You could argue orthorexia (an all-consuming obsession with healthy eating/living) is just as bad a problem as more traditional eating disorders such as binge eating, anorexia, or bulimia.

Having been guilty of straddling or crossing that faded gray line between diligence and obsession a bajillion times myself over the years since starting Weight Watchers in 2004, I can only speak from personal experience when I say that diligence led to obsession for me when it comes to weight/body image/exercise addiction.

The bitter irony is that succeeding at weight loss (positive lifestyle changes like journaling, exercising portion control, making good choices, counting Points, ramping up my workouts) drove me to obsession.And I know now that I’m not alone. Per a ground-breaking SELF study that led to the development of my blog,6 out of 10 women are disordered eaters–many a result of dieting efforts.

Sure, I lost weight pretty effortlessly back then … but then the disordered behaviors began: exercise addiction, calorie-obsessing, Points-obsessing, body dysmorphia, midnight eating and, later, the most serious behavior I engaged in– chewing and spitting (which I’ve been clean of since March ‘09).

So I can’t help but wonder … why are some people more prone to obsession than others?

Why can some people decide to get healthier and drop weight and never have an emotional attachment to the experience or the aftermath … and yet someone like me ends up suffering through years of disordered eating issues?

And how can we, as women, approach a healthy lifestyle without going down the orthorexic/obsessive route?

In therapy (July ‘08-March ‘09), I learned that my anxious, perfectionist tendencies are what drove me to the level of obsession I had … and my therapist urged me to “embrace my hardware” /perfectionist tendencies instead of loathing them; after all, what harm comes from eating well and exercising regularly?

We agreed that those things are positives (it wasn’t hard for me, as a perfectionist, to stick to WW), but how I later approached them wasn’t helping me any. I let thoughts of calories and exercise and food dominate my brain for years.

Over time, I’ve gotten less obsessive, mostly through blogging, becoming more self-aware, and, most importantly, making a conscious decision to stop obsessing (cognitive behavioral therapy tactics worked here) … this meant forcing myself into previously uncomfortable situations, learning to dine out as a “normal person” versus a “disordered eater,” cutting back on exercise a bit, trying to relax more in social situations).

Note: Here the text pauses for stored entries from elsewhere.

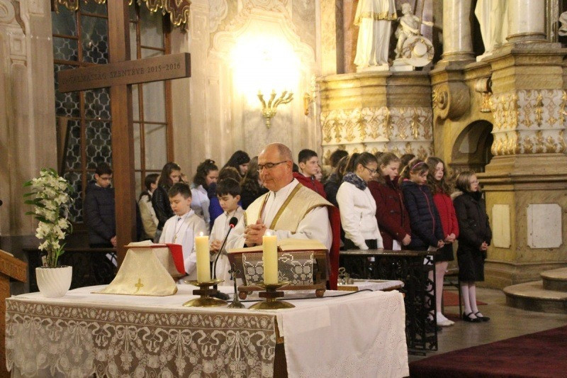 A püspöki biztos homíliájában arról beszélt, mit jelent ma példaképnek lenni, mi az, ami igazán fontos. „Fontos a család, a kegyelemteli, szeretetben való összetartozás. Sokat jelent, ha valakit jó barátok, jó tanárok vesznek körül. Szent Imre örök példakép. Az ő élete, ahogy a családjához, a tanítójához, a tanulmányaihoz és a társaihoz viszonyult, példaértékű minden jó lelkületű ember számára. Szent Imrének is fontos volt, hogy a szüleivel szent családban élhessen, tanulhasson, imádkozhasson. Hétéves korától Szent Gellért tanította. Becsülettel, szorgalommal tanult és imádkozott, mert ezekben a dolgokban is megtalálta a boldogságot. Ahogy akkor, ma is fontos a tudás megszerzése, mert a tudás emeli az embert, soha el nem vehető, és sokakat szolgálhat. És bár a kisebbek még ezekből a dolgokból nem értenek sok mindent, fontos, hogy a család mellett mi, nevelők is segítsük az ifjúságot, hogy jók, tiszta szívűek és becsületesek legyenek. Meg kell mutatni ezt az életszentséget. Emeljük fel őket, hogy csillagként ragyoghassanak és szentté válhassanak, ahogy Szent Imrét is felemelte Isten a szentek közé!” – zárta gondolatait Ugrits Tamás.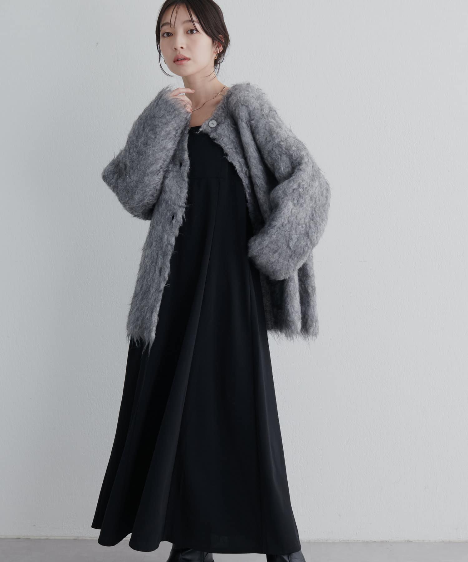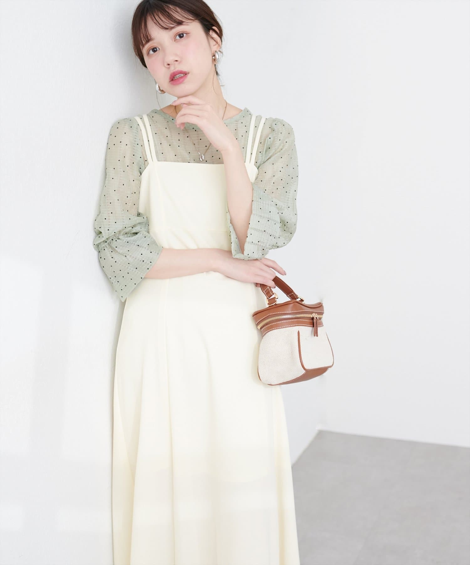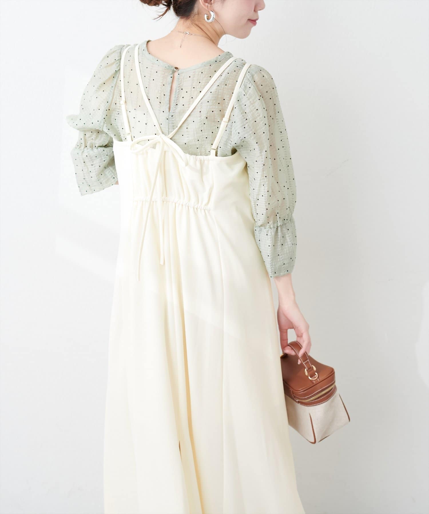 natural couture(ナチュラルクチュール) 再販 / カットジョーゼットキャミワンピース
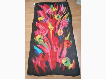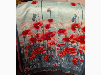 Vacker halsduk/sjal dekorerad med vallmomönster. Oanvänd! 65x180cm.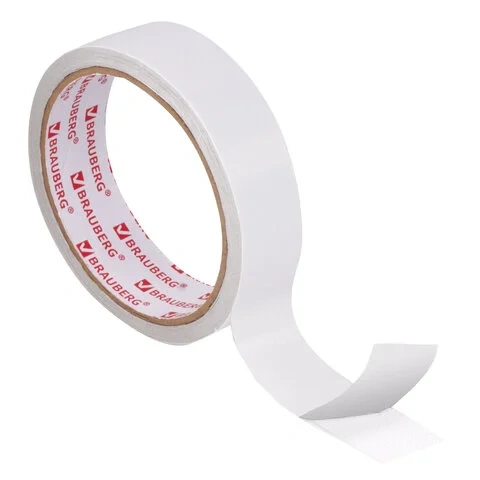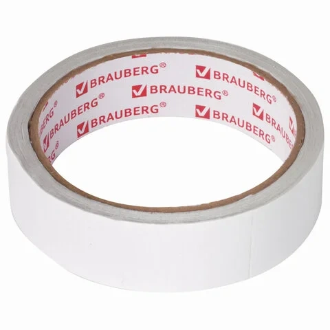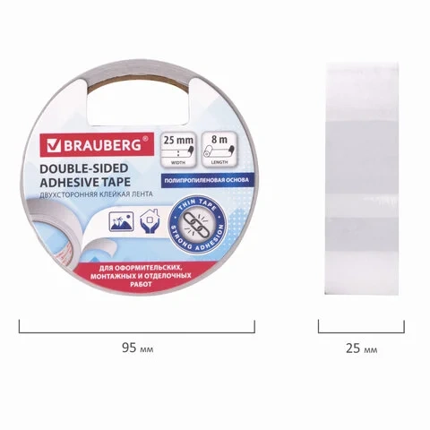 Клейкая двусторонняя лента 25 мм х 8 м, ТОНКАЯ ОСНОВА полипропилен, 90 микрон, BRAUBERG, 606425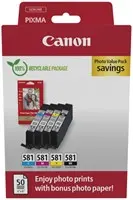 Inktcartridge Canon CLI-581 zwart + 3 kleuren 4 Stuk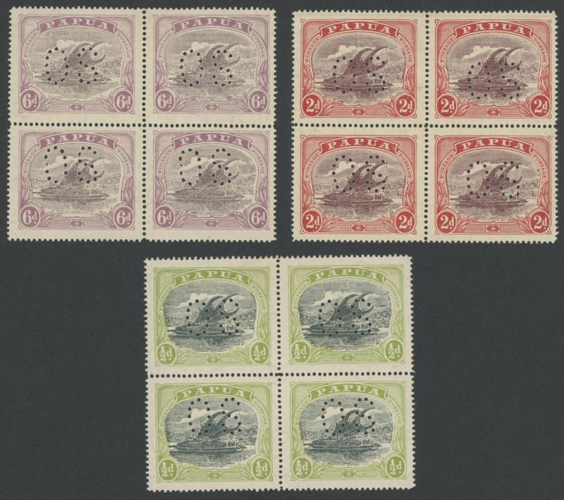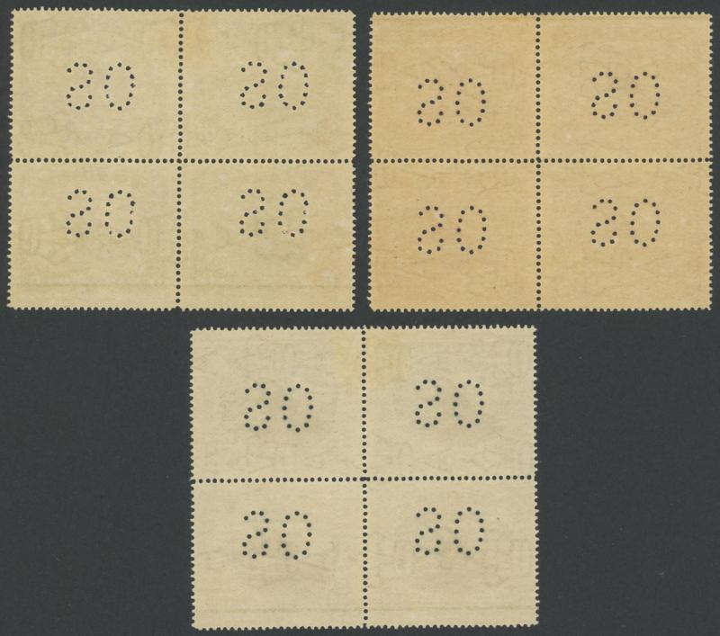 2164 og/nh imageOFFICIAL STAMPS: 1930 Bicolours Punctured 'OS' ½d, 2d, 4d & 6d SG O46, O49, O50 & O51 blocks of 4, the upper units with small hinge remainders, the lower units unmounted, Cat £736+ for mounted singles. (4 blocks) (Image1) (Image2) (Image3) (Image4)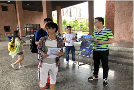 讲座开展前期,我院研会干事在学院旁对路过的同学进行了讲座和用电常识宣传单的派发,引起了同学们对本次讲座的兴趣,增强了同学们的用电安全意识。

But though it hasn’t been an easy road to walk, and at times, I find myself falling into old habits (mostly of the over-exercising variety).

Being diligent isn’t a bad thing for everyone, but depending on the kind of person you are, you might need to treat with caution.

Crossing that line into disordered eating is not hard to do if you’re hardwired a certain way (read as: anxious, TypeA, have perfectionist tendencies), and I’ve learned the hard way, through my recovery journey, that the benefits of being diligent can outweigh the costs – if you’re not careful.

Now I know better, and hope to continue to serve as an advocate for those, like myself, who fell into the dark, shameful, scary, hush-hush world of disordered eating that no one likes to talk about … but is very, very real.

So my questions to you are these: if you have managed to change your lifestyle, did you do it without any disordered eating issues occuring? How did you avoid falling into the disordered eating trap? What advice do you have for those embarking on their “get healthy”/”get balanced” journey (note I’m not saying “weight loss journey” since it’s not applicable to everyone) without crossing into that dark DE territory?